Books

Is Samantha Shannon the "Next J.K. Rowling"?

by Tara Merrigan

Curse you Samantha Shannon!!! You go and create this amazingly original book, and then make me wait for the rest?! I'm not going to make it."

These are the first two lines of a Goodreads.com response to The Bone Season, a debut novel by Samantha Shannon, the 21-year-old Brit being touted as the ‘next J.K. Rowling.’ This reviewer’s italics, exclamation points, and near-hysterical desire for the next installment capture the essence of much of the positive reaction to the novel, which came out today: Readers want — no, need more.

It is this very quality that makes Shannon a potential contender for the ‘next Rowling’ spot. It may or may not be coincidence that she has signed a lucrative seven-book deal contract, the exact same number of Harry Potter books Rowling published. (This just sounds like good marketing.) It too may be a happy accident that Shannon is also a Brit with dirty blonde hair. But what really ties the upcoming novelist to the established Rowling is the nature of her books.

Like Rowling, Shannon creates a detailed alternative reality that sucks in readers, causing them to forget about their actual lives. Her book takes place in a London of the future, in which a clairvoyant named Paige has to fight against a captor trying to turn her into a soldier. (The prison is located at what was once Oxford, Shannon’s alma mater. This detail makes the book’s premise sound like a bad allegory about the influence of higher education.) One disappointed Goodreads reviewer explains that she didn’t like the book because it failed to do that for her: “I really wanted Shannon to be the next J.K.Rowling, as some are calling her. I really wanted her debut to take me out of this world and leave me desperate to get my hands on the next installment.”

To be the "next J.K. Rowling" means to be the next author who tells us a story of an individual that fights against unfair system and makes us forget that we are in the same place, but don’t have magical powers to fight back. Harry Potter entranced a whole generation of children. He kept up millennials late into night turning page after page as they found new ways for their weary arms to support those hefty hardcovers. He brought them out, way past their bedtimes, to midnight book release parties. He took them online, where they penned fan fiction and joined Harry Potter chat groups to ask if any one had receive a letter from Hogwarts on his or her 11th birthday. And then these children brought him to college, where they started Quidditch teams so they, too, could ride brooms. If this were not enough, Rowling's own story inspired these children too; she had written their beloved Sorcerer's Stone on napkins in coffee shops because she couldn't afford heat in her apartment. Perhaps they too could win the day like Harry and see their dreams realized like his creator.

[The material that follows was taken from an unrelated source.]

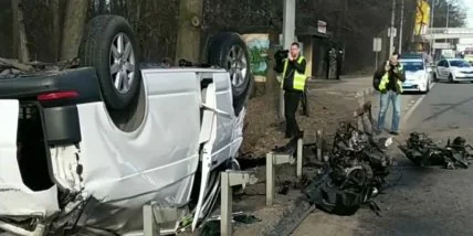В четверг на Житомирской трассе на выезде из Киева легковушка "догнала" микроавтобус с семьей, от чего последний перевернуло и раскурочило, пострадали двое детей.

In simple economic terms, to be the next Rowling, Shannon will have to sell millions of copies of her book around the world. But more than that, The Bone Season series will have to capture the hearts and minds of readers. The books must possess that intangible, indefinable quality that makes them jittery with anticipation. Shannon must make readers want to stay on the pages of her books, and if they can't, form groups and activities that will enable them to stay close to that world. Most of all, if Shannon is the next Rowling, she'll have to be the writer who will help us escape real life — for more than a little while.